La evolución de un depredador del aro
Lo cierto es que la longevidad de James ha obligado a los historiadores del baloncesto a reescribir sus criterios de evaluación. Si Kareem Abdul-Jabbar cimentó su récord en el imbatible «Skyhook» y una presencia física dominante en la pintura, LeBron lo hizo a través de una metamorfosis constante. Es por ello que su récord es tan especial: pasó de ser un atleta explosivo que atacaba el aro con la furia de un tren de carga a convertirse en un tirador perimetral letal y un estratega capaz de leer la defensa antes de que esta se posicione. Como bien señala el portal oficial de la NBA en sus archivos históricos, la versatilidad de James es lo que le permitió superar una marca que permaneció inamovible durante casi cuatro décadas.
Además, el peso emocional de aquel 7 de febrero de 2023 sigue presente en la memoria colectiva de los aficionados. No fue solo un récord; fue el relevo de una antorcha entre dos gigantes que personifican la dignidad dentro y fuera de la duela. La verdad es que la imagen de Kareem entregando el balón a LeBron en el centro de la cancha sigue siendo, tres años después, el símbolo de un respeto que trasciende las rivalidades de equipo. Es una analogía perfecta de lo que el deporte debería ser: una escalera donde cada generación se apoya en los hombros de la anterior para alcanzar nuevas alturas.
El legado en la era de los nuevos gigantes
En este 2026, donde una nueva camada de talentos —liderada por figuras que apenas eran niños cuando LeBron ya era una estrella— domina la liga, el récord de anotación se mantiene como un faro de excelencia. Y es que la métrica del éxito ha cambiado. Ya no solo se busca el brillo fugaz, sino la permanencia que James ha institucionalizado. Es por ello que cada vez que un joven talento anota cuarenta puntos en una noche, la comparación con la regularidad de «The King» surge de forma inevitable. La verdad es que LeBron no solo batió un récord; estableció un estándar de profesionalismo que ha obligado a toda la liga a elevar sus protocolos de cuidado y preparación.
Lo cierto es que el impacto de LeBron James va mucho más allá de las canastas convertidas. Su influencia en la cultura del baloncesto, su capacidad para empoderar a otros jugadores y su visión para los negocios han convertido su figura en una institución global. Sin embargo, cuando el ruido de los negocios y la mercadotecnia se apaga, lo que queda es la pureza de aquel tiro en 2023. Aquella parábola perfecta que nos recordó que el tiempo, aunque implacable, puede ser negociado por aquellos que poseen una voluntad inquebrantable.
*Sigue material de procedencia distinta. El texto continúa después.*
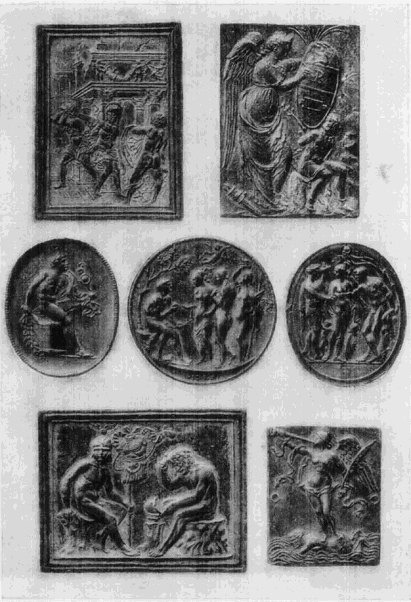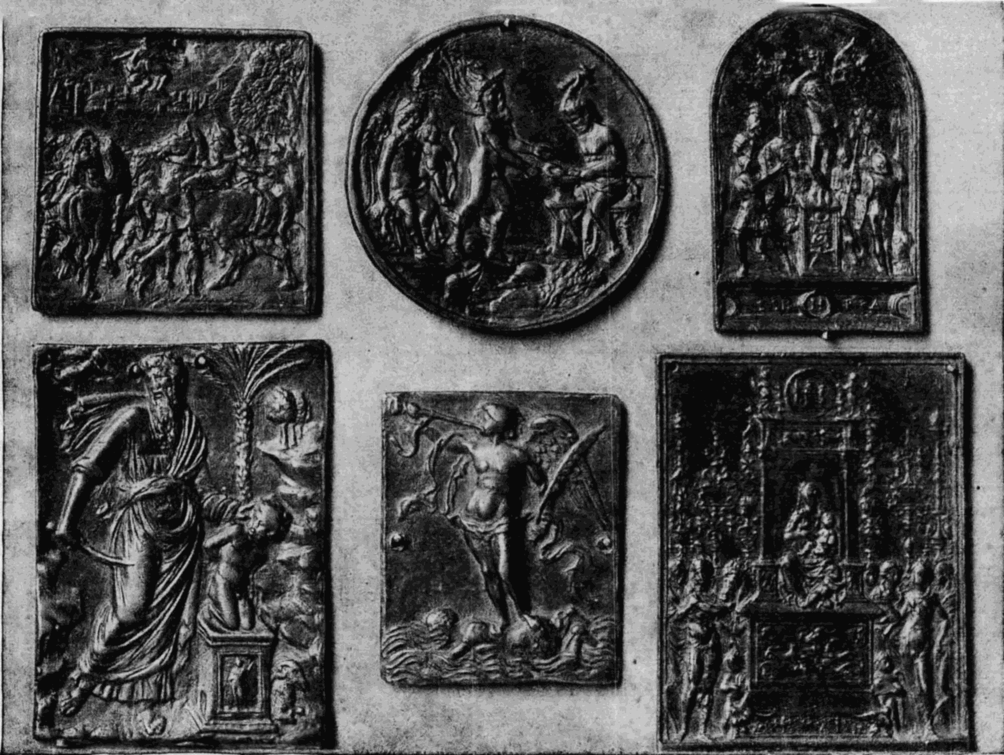 [A] Die häufigen Bleigüsse nach den kleinen Reliefs von Moderno, Valerio Belli u. a. sind zumeist spätere Nachgüsse, welche von deutschen Goldschmieden über die Bronze-Originale als Vorlagen für ihre Werkstätten angefertigt wurden.

Al final del día, este aniversario nos invita a la pausa y al asombro. Celebrar los tres años del récord es reconocer que la grandeza no es un evento fortuito, sino una construcción diaria hecha de sudor, sacrificio y una ambición que no conoce el descanso. James sigue ahí, con la corona firme, recordándonos que los límites solo existen para quienes no tienen el coraje de desafiarlos. La verdad es que, en la historia de la NBA, habrá muchos anotadores brillantes, pero difícilmente volveremos a ver a alguien que trate al tiempo con tanta familiaridad y respeto. Este sábado, el trono sigue ocupado, y el rugido de aquel 7 de febrero de 2023 todavía nos pone la piel de gallina.